**Work instruction**
Repeat only the lines below from the one that contains "Women's Casual Retro" through the final line, exactly. Omit pictures.

**Provided material**
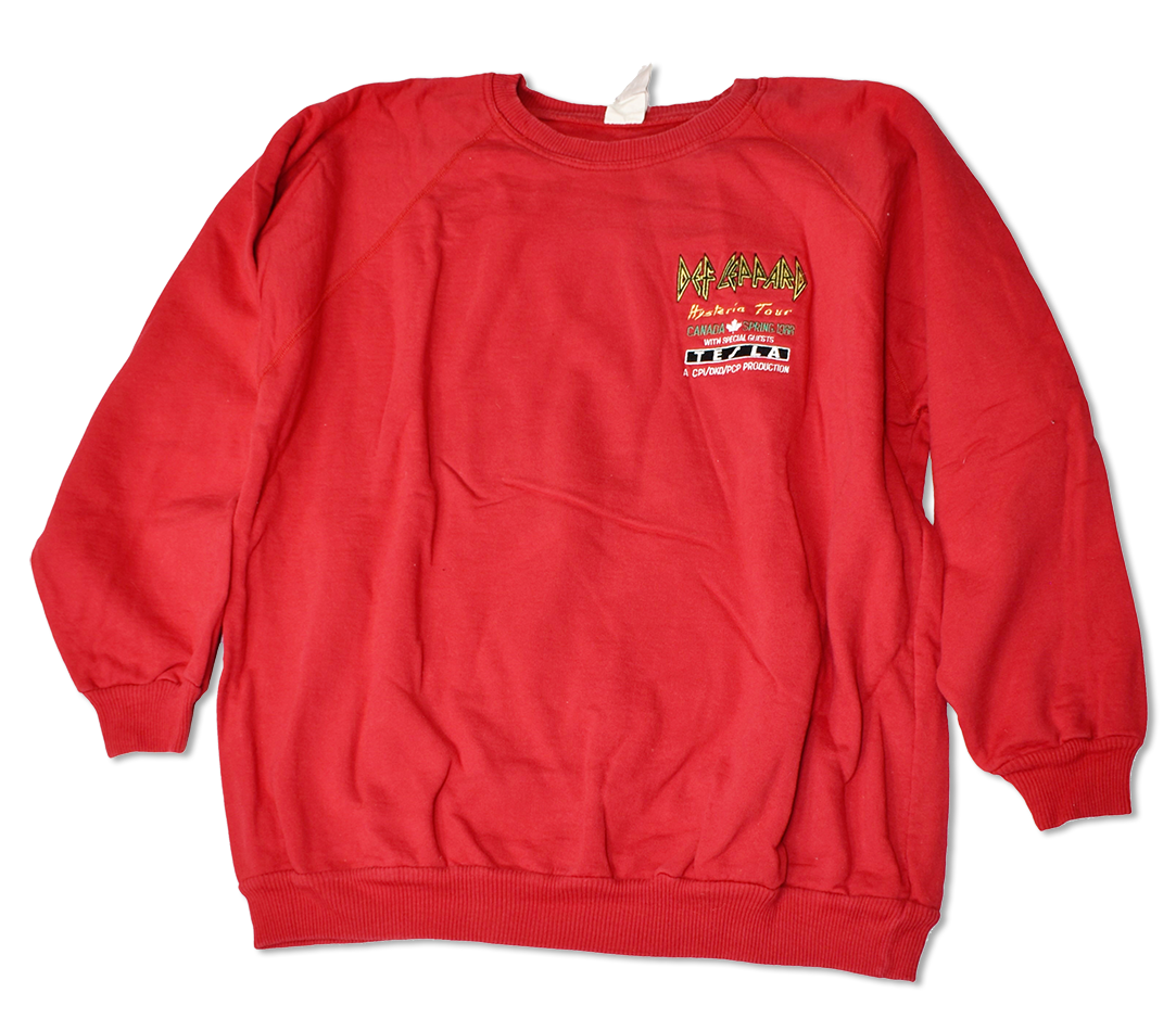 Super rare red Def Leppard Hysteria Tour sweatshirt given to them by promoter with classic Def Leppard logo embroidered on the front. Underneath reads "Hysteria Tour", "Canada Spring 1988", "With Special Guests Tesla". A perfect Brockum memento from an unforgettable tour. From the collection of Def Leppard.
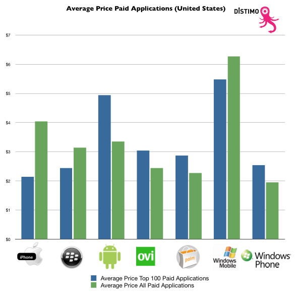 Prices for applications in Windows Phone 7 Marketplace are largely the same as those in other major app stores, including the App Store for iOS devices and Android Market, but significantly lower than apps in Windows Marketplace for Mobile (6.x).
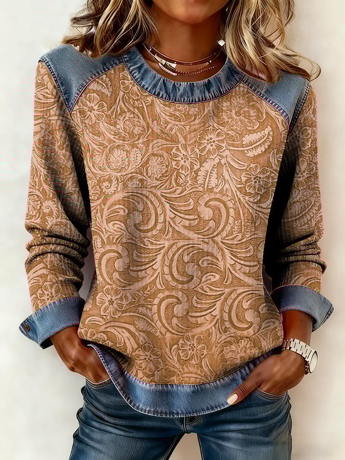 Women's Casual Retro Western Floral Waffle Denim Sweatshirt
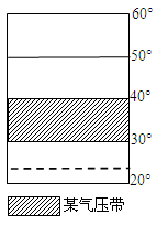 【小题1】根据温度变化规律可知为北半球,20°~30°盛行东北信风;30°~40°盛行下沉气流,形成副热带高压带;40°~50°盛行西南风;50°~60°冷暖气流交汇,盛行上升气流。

**Response to this task**
 Women's Casual Retro Western Floral Waffle Denim Sweatshirt
 【小题1】根据温度变化规律可知为北半球,20°~30°盛行东北信风;30°~40°盛行下沉气流,形成副热带高压带;40°~50°盛行西南风;50°~60°冷暖气流交汇,盛行上升气流。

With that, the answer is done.